WHAT IS BEING ASKED -
Print the lines in the listing below starting at the line with "Jeder Oberger Bürger" and ending at the line with "到着しても起きず、外の広場で持っていた敷物の上に寝かせてみた。", both included. Reproduce them exactly and omit every picture.

PROVIDED INFORMATION -
•••

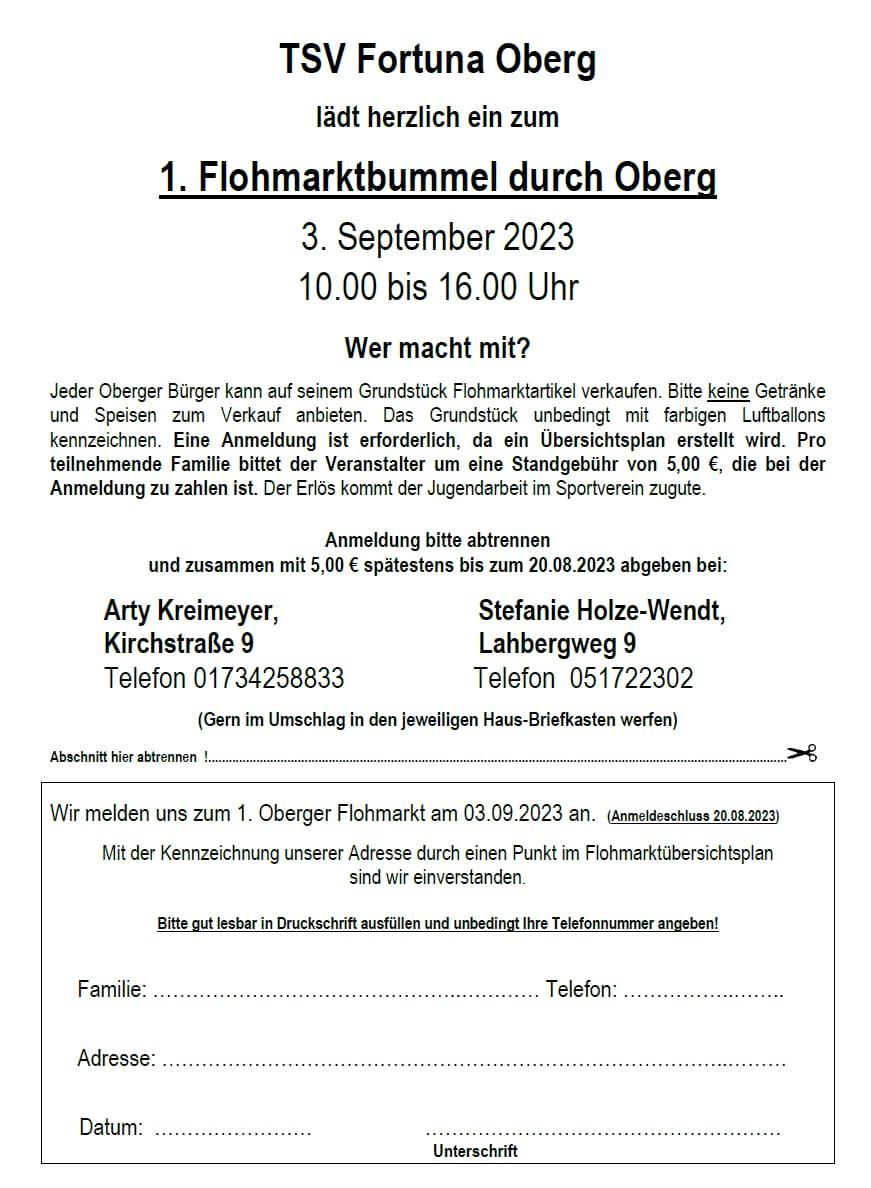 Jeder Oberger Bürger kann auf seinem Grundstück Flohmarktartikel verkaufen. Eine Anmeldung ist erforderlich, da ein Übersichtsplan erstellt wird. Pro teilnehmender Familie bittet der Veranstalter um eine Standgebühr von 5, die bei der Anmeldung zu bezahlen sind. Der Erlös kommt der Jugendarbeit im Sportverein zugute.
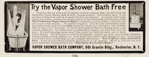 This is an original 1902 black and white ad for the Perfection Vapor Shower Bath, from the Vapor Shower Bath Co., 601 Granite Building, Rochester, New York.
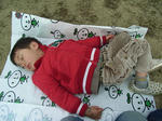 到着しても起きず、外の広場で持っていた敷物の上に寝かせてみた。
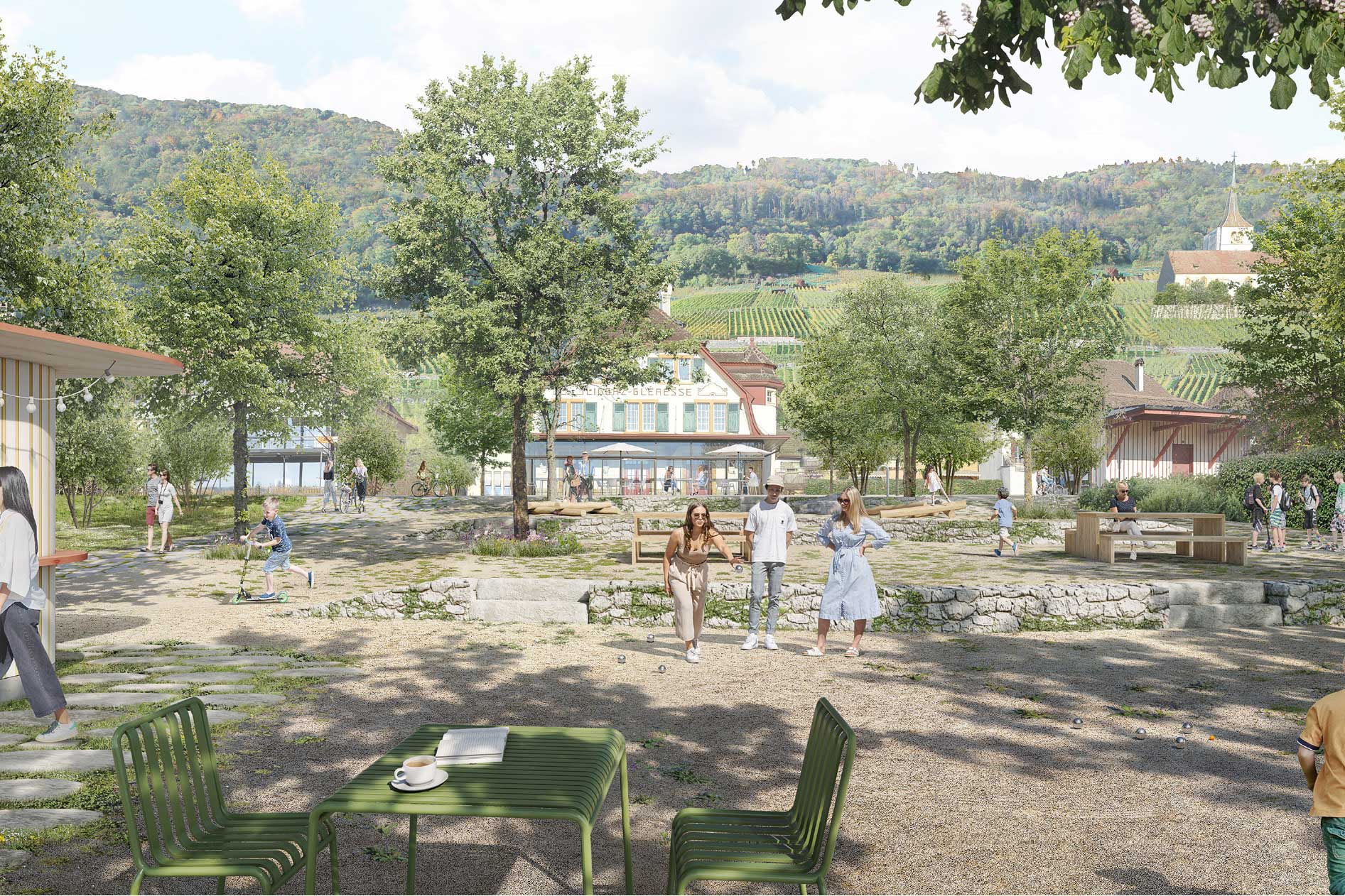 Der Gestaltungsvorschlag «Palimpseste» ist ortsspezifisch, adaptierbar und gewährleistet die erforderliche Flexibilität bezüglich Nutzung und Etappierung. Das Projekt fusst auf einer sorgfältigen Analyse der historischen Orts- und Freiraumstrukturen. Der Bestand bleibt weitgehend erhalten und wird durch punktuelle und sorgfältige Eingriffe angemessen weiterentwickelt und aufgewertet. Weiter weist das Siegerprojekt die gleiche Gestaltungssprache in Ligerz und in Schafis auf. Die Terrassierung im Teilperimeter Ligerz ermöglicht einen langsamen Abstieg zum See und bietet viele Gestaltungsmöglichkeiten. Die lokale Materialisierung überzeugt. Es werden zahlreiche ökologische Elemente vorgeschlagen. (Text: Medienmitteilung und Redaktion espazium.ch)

•••

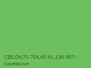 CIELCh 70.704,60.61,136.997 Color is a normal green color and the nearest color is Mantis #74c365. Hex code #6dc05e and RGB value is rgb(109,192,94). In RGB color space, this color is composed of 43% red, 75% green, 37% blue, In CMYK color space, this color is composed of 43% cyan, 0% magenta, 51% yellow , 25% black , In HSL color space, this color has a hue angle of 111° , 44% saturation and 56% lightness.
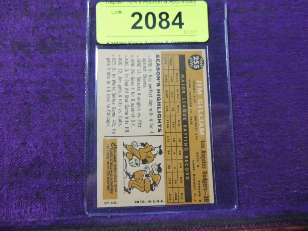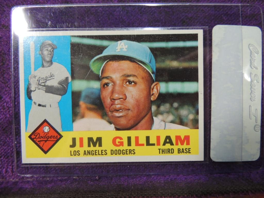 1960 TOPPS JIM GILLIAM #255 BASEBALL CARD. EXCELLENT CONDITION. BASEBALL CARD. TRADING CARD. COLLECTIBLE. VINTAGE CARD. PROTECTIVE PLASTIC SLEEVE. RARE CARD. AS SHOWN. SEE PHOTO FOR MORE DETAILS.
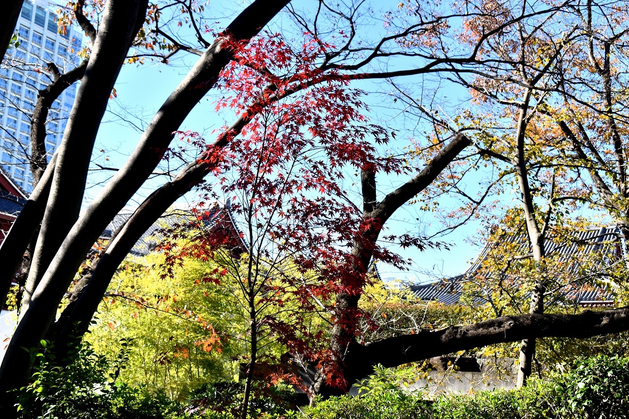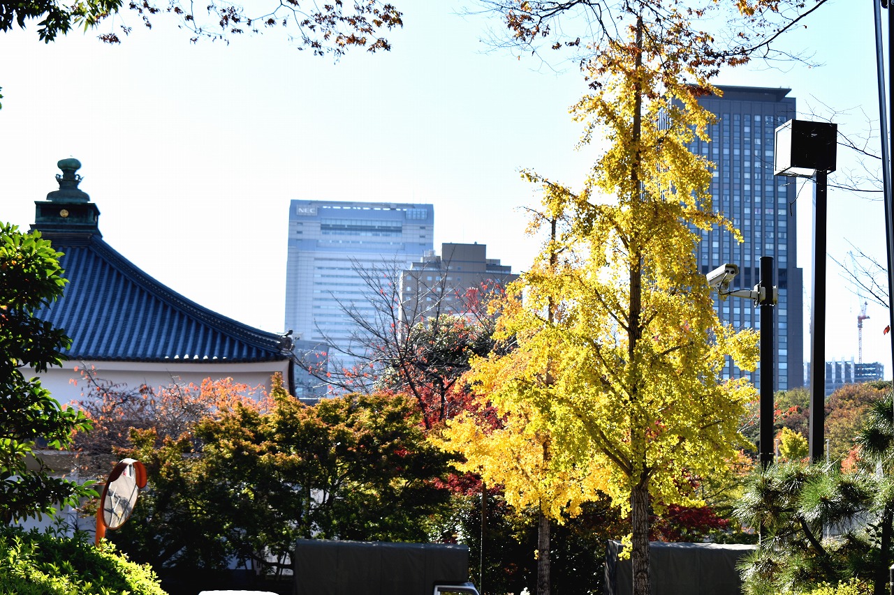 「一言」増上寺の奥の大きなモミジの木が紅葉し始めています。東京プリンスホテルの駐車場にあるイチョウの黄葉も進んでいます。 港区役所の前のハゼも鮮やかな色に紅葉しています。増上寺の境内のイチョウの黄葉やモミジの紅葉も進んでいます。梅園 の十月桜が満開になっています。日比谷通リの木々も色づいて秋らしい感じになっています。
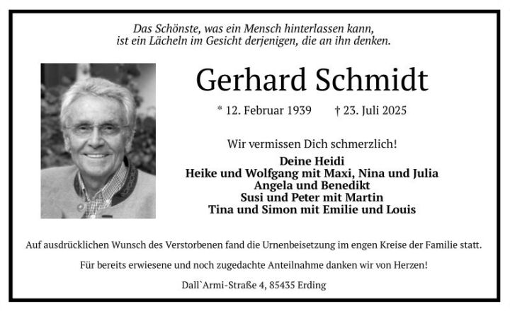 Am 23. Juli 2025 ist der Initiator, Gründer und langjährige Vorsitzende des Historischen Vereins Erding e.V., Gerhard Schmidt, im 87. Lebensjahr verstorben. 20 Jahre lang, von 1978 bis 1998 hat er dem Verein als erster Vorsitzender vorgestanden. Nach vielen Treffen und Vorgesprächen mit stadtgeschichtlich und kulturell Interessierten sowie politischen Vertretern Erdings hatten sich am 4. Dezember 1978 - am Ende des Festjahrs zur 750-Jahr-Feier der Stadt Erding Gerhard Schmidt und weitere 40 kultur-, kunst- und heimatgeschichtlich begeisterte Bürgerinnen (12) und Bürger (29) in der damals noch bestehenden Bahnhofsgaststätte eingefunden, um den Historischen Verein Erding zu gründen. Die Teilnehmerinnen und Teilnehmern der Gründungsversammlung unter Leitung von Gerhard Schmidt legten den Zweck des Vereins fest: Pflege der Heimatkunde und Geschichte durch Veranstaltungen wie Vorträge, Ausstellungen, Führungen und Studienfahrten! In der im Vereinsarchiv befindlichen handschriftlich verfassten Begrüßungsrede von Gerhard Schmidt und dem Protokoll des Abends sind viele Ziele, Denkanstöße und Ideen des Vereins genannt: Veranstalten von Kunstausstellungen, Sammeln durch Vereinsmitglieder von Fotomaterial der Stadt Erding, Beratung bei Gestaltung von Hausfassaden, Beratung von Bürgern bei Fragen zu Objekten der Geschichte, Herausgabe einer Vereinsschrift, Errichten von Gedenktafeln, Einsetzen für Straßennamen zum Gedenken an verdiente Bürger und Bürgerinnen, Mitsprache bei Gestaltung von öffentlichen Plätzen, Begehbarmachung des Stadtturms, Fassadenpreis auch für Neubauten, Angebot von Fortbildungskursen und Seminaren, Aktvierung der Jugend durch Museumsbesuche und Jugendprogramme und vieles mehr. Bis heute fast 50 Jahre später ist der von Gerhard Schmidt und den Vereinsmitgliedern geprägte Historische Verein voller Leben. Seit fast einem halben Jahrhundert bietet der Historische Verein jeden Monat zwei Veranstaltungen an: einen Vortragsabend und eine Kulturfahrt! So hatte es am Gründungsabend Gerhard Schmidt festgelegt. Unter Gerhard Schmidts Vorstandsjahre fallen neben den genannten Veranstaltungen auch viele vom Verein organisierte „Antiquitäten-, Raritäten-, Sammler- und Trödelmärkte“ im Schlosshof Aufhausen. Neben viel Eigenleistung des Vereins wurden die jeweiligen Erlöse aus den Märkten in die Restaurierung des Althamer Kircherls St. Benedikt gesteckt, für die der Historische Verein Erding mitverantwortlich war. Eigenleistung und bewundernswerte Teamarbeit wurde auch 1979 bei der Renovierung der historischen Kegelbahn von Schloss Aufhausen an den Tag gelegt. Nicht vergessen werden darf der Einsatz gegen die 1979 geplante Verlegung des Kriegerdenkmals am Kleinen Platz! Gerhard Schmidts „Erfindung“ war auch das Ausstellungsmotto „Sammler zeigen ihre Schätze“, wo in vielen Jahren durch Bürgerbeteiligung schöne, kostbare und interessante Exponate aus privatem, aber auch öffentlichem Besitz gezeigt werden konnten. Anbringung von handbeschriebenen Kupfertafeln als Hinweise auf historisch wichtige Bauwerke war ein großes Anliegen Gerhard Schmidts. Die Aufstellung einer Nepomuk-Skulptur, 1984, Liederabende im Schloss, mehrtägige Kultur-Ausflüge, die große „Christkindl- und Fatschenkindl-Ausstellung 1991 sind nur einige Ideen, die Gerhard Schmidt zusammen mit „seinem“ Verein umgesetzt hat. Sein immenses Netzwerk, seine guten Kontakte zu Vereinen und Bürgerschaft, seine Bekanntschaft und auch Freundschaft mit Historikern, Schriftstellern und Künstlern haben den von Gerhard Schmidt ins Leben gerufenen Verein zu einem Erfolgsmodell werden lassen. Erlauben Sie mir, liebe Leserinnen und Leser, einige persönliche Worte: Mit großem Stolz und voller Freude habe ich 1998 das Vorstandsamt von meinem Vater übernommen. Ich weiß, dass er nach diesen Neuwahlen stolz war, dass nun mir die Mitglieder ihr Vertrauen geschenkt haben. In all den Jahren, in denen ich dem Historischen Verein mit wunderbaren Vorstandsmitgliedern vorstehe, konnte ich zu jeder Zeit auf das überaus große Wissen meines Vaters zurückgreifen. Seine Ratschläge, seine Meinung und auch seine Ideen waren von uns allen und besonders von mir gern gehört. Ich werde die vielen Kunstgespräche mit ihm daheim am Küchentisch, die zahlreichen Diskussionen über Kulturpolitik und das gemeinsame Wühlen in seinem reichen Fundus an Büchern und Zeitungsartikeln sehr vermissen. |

•••

TASK SOLUTION -
 Jeder Oberger Bürger kann auf seinem Grundstück Flohmarktartikel verkaufen. Eine Anmeldung ist erforderlich, da ein Übersichtsplan erstellt wird. Pro teilnehmender Familie bittet der Veranstalter um eine Standgebühr von 5, die bei der Anmeldung zu bezahlen sind. Der Erlös kommt der Jugendarbeit im Sportverein zugute.
 This is an original 1902 black and white ad for the Perfection Vapor Shower Bath, from the Vapor Shower Bath Co., 601 Granite Building, Rochester, New York.
 到着しても起きず、外の広場で持っていた敷物の上に寝かせてみた。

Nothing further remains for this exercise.